*** Opening Information shown ***
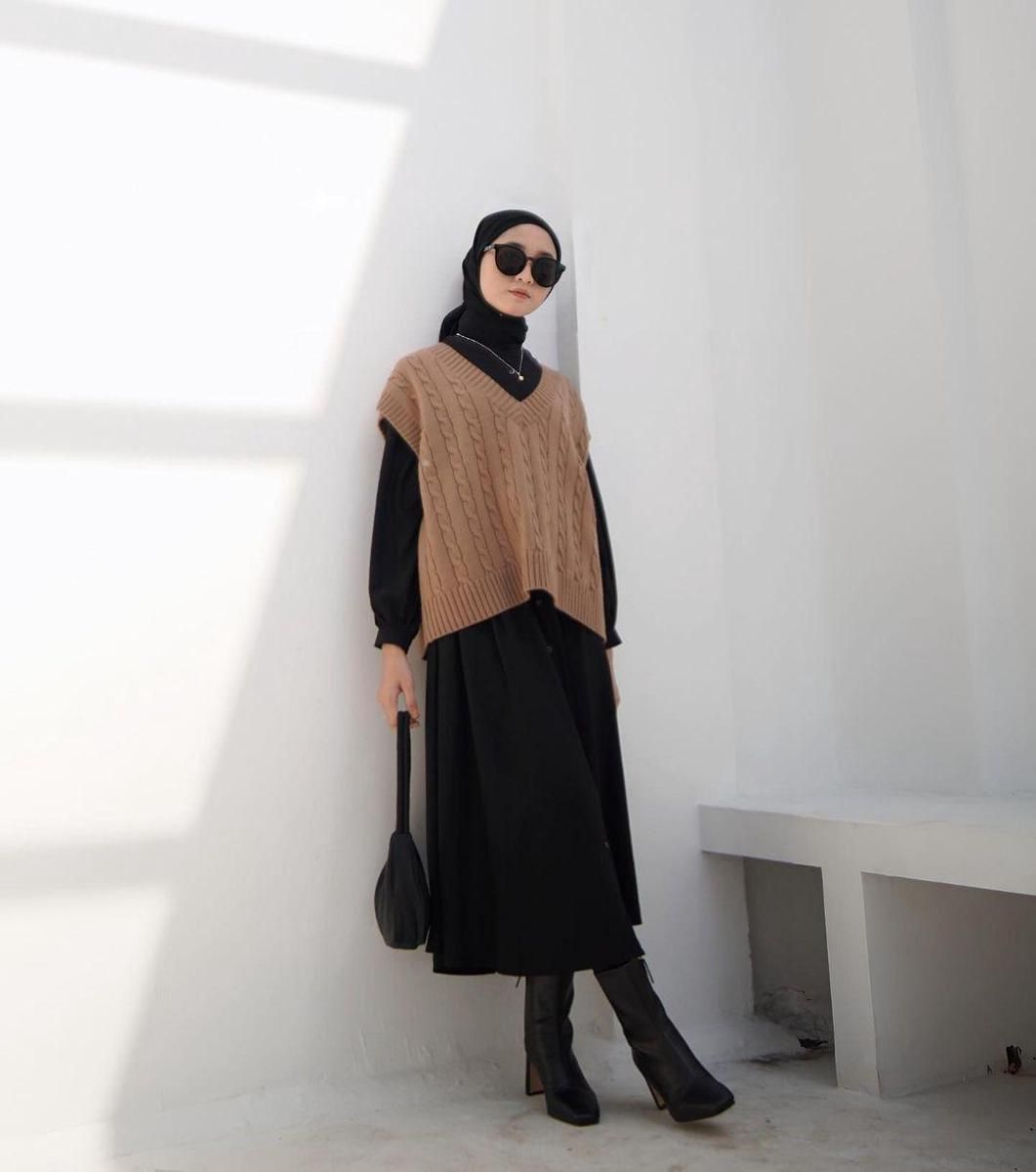 Kemudian, kenakan pula hijab, sepatu boots, dan sling bag warna hitam pula supaya semakin keren. Nah, outfit ini akan cocok bagi kamu yang ingin tampil edgy untuk berbagai situasi.
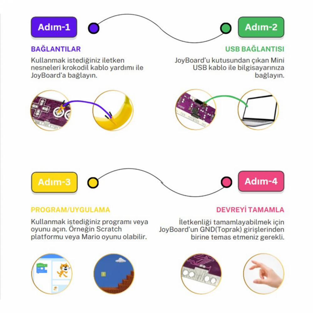 Gelince Haber VerJoyBoard özellikle okul öncesi ve ilk okul çağındaki çocuklar için tasarlanmış eğlenceli bir robotik kodlama kartıdır. Kullanımı oldukça kolay olup birçok oyun ve uygulama yapabilirsiniz. JoyBoard hemen hemen herşeyi klavyenizdeki ve farenizdeki tuşlara çevirebilmektedir. Bu sayede meyveler ile piyano çalabilirsiniz.
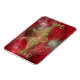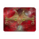 A stylised cat face made of glowing gold curves and curlicues, with wide green-gold eyes, against a red fractal background.
*** Closing Information shown ***
Line by line, give the material above again exactly, but without any pictures.

 Kemudian, kenakan pula hijab, sepatu boots, dan sling bag warna hitam pula supaya semakin keren. Nah, outfit ini akan cocok bagi kamu yang ingin tampil edgy untuk berbagai situasi.
 Gelince Haber VerJoyBoard özellikle okul öncesi ve ilk okul çağındaki çocuklar için tasarlanmış eğlenceli bir robotik kodlama kartıdır. Kullanımı oldukça kolay olup birçok oyun ve uygulama yapabilirsiniz. JoyBoard hemen hemen herşeyi klavyenizdeki ve farenizdeki tuşlara çevirebilmektedir. Bu sayede meyveler ile piyano çalabilirsiniz.
 A stylised cat face made of glowing gold curves and curlicues, with wide green-gold eyes, against a red fractal background.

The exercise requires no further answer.